Dwaj członkowie Lenny Valentino zaprezentowali w sobotę swoje zespoły, z którymi właśnie nagrywają drugie płyty: Jacek Lachowicz projekt o nazwie Lachowicz, a Macio Moretti grupę Mitch&Mitch. Na perkusji w Mitch&Mitch zagrał Jarek Kozłowski, na co dzień znany z Pogodno.
Klasyk polskiej alternatywy muzycznej, Walijczyk John Porter, wystąpił z nowym, Nieprzyzwoitym Zespołem. Zagrał kilka nowych utworów i stare przeboje, niektóre mocno przearanżowane (np. "Ain't Got My Music"). Kolejny pionier polskiego offu to Lech Janerka. Skoncentrował się na starych piosenkach, jak zawsze zagrał znakomicie.

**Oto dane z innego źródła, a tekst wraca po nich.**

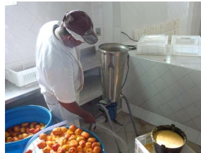
Cutting cashew apples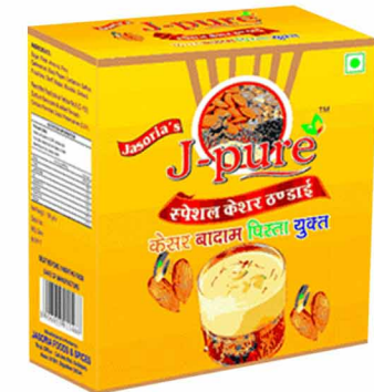
KESARI THANDAI 160GM/400GM/800GM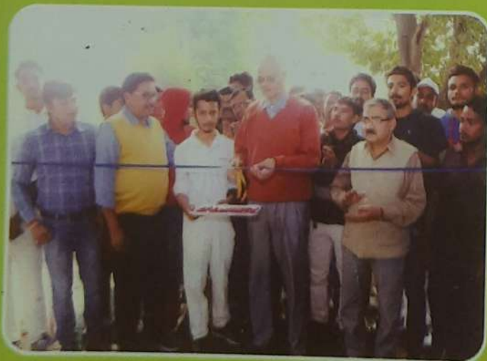
Inauguration of Cricket Pitch by the Principal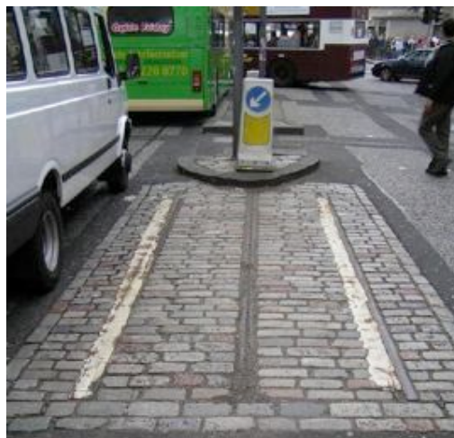
A remnant of Edinburgh's cable trams in Pimlico Place.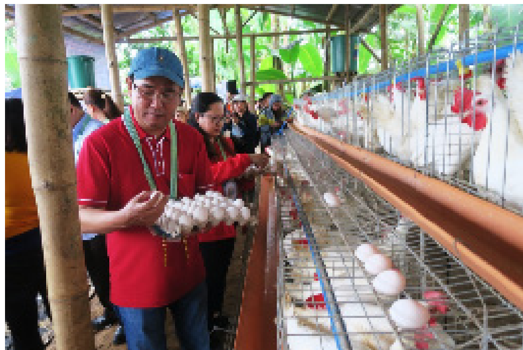
Egg production in Leyte is thriving due to the aggressive campaign of the provincial government under the More Income in the Countryside (MIC) project of Governor Leopoldo Dominico Petilla (shown in the photo) who provided assistance to more than 100 associations which are into egg laying production.

Under this, FAs are granted with 1,440 heads of ready to lay chickens with

Potem były gwiazdy zza granicy. Austriaccy Sofa Surfers dali jeden z najlepszych koncertów całej imprezy. Transowy post-rock z dubową przestrzenią i soulowym wokalem Mani Obeya najpierw zaczarował, a potem rzucił wszystkich do tańca. Dużo spokojniej zagrał norweski White Birch. Gitarowy ambient i piękne światła złożyły się na całość, która dla wielu była największym wydarzeniem festiwalu (w tym tonie wypowiadał się np. John Porter). Sobotę zakończył brytyjski IAMX. Czterosobowy skład Chrisa Cornera zaprezentował żywiołowy cyber-pop. Podobał się gotycki image muzyków.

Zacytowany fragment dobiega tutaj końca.